The accrediting officials and others who proposed the alternative did so without much enthusiasm, and only after the department’s lead negotiator, Vickie L. Schray, had laid down the law in the day’s first exchange. Steven D. Crow, executive director of the Higher Learning Commission of the North Central Association of Colleges and Schools, had opened Tuesday’s proceedings by complaining that department officials had “edited the text” of the Higher Education Act to give themselves the latitude to dictate how accreditors measure colleges’ learning outcomes.

“This is taking what was a government requirement in law that we have a standard that addresses student achievement, and now you’re saying, not only does it have to look this way, but it has to dance this way and act this way,” Crow said. “We’ve essentially lost control of our ability to set standards and our ability to implement those standards. I don’t want to argue here that what you’re after is not appropriate. I’m arguing that how you’re doing it is really threatening to me and my organization.”

Schray held her ground. The problem with the current system, she said, was that the current approach lets every institution measure and report their achievement in educating students in different ways, and the accreditors do not make judgments about whether the level of learning that is occurring is sufficient. The information produced is so diverse as to be “meaningless” to “folks on the outside,” Schray said.

“While we appreciate and value the diversity of the system and the need to be responsive to individual mission,” she said, department officials remain troubled “by the fact that it is difficult to get accreditors around the table to say they know quality when they see it.”

Schray received support in her call for more specific and quantifiable measures of student learning from representatives of national accrediting associations, who have been required for more than a decade to collect such information from the for-profit colleges they oversee.

Roger J. Williams, executive director of the Accrediting Council for Continuing Education and Training, noted that the institutions his group accredits “did not immediately embrace” its federally mandated push to impose minimum standards of learning outcomes, and in fact were “forced kicking and screaming.” But they have improved since they started doing so, he asserted.

He said the work of the Secretary of Education’s Commission on the Future of Higher Education had made it clear that the accreditation system itself wasn’t doing enough to push institutions to measure and report how successfully they were educating students. “In a more perfect world,” Williams said, “we wouldn’t have to be doing this around the table, much less with the federal government’s intrusion.” But the government’s push is a way to “raise the bar, raise the level of quality of education in this country.”

The department, agreed Elise Scanlon, executive director of the Accrediting Commission of Career Schools and Colleges of Technology, “has the right to ask for evidence that accredited institutions are accomplishing what they claim to accomplish.”

As the day wore on, the non-federal negotiators went into a closed-door “caucus” to draft the alternative proposal described above. Crow and the others who crafted it saw as the primary advantage the fact that it would technically stop the department from telling accreditors what standards they should impose on colleges, and avoid the accreditors’ having to set minimum, blanket standards for their institutions — while still requiring the institutions to report to the agencies the information that the department wants to make its way into the public eye.

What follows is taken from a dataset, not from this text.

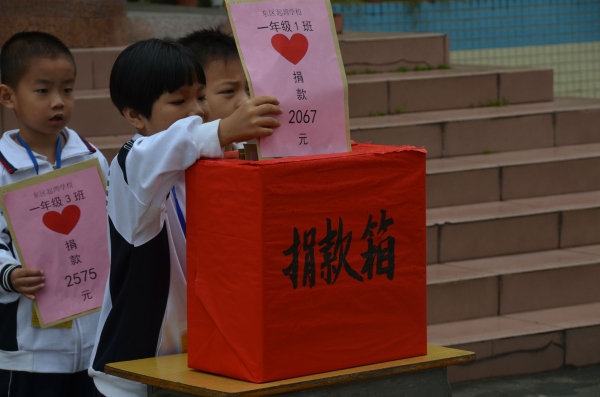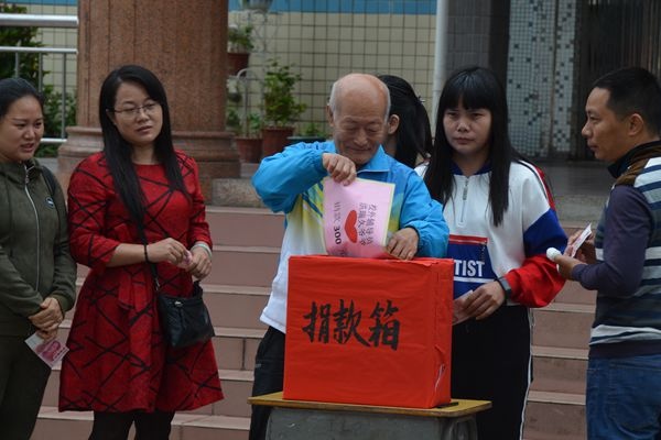 大會第二項,愛心企業(yè)及個人善款捐贈儀式。華南國際吉東教育集團慈善基金捐款10000元、中山市客家商會李金東先生捐款10000元、民樂班學生代表盧女士捐款1000元、校外輔導員洪瑞久爺爺捐款300元、全體教職工共捐款13040元。最后,各班學生代表紛紛上臺為可親可敬的周建華老師捐獻愛心,共捐30720.5元,表達了孩子們對周老師最真摯最美好的祝愿。還有很多家長前來捐款,沒有留下姓名。這次活動共計捐款73260.5元。

For precisely that reason – that accreditors would still, at the federal government’s urging, require institutions to collect and report an array of new information and data about student success in their many programs – college officials were deeply troubled by the accreditors’ alternative, too, which they saw as little different from the government’s original proposal.

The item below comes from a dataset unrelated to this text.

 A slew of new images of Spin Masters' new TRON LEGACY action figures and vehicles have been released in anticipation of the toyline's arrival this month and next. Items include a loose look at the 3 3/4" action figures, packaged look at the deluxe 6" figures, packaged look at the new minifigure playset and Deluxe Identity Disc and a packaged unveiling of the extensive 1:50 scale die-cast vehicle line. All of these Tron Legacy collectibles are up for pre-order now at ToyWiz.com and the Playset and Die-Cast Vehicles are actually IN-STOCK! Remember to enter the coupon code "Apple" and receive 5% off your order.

“The accreditors see this as less federalizing of their role,” said Susan K. Hattan, a senior consultant and accreditation expert at the National Association of Independent Colleges and Universities. “But from an institution’s perspective, this is still an effort by the department to have federal standards for student learning implemented via the accrediting agencies. Whether you do it one way or the other doesn’t really matter – they’re both very disturbing.”

She added: “The department has never before attempted to say that an agency should measure things in a certain way.”

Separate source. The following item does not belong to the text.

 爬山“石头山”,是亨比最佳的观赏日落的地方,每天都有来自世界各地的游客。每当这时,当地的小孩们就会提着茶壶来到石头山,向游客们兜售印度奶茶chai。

When the accreditors offered their alternative, they pressed Schray for the department’s reaction to it. After expressing the department’s “gratitude and appreciation for your willingness and tenacity in working through this issue,” she essentially told them that what they viewed as the proposal’s main virtue – that it would take the accrediting agencies out of the role of telling institutions whether their student outcomes were sufficient — was a big problem for the department.

“What appears to be missing” in the alternative proposal, Schray said, is the [accrediting] agency’s responsibility in the review and approval affirmatively of what the institutions are proposing.” Without that, she suggested, the alternative won’t fly.

The accrediting review panel moved on to other issues as the day wound down, including a heated discussion (with no resolution) about a controversial proposal that would require accrediting agencies to bar the colleges they monitor from basing decisions about whether to accept a transfer student’s academic credits on the accreditation status of the “sending” institution.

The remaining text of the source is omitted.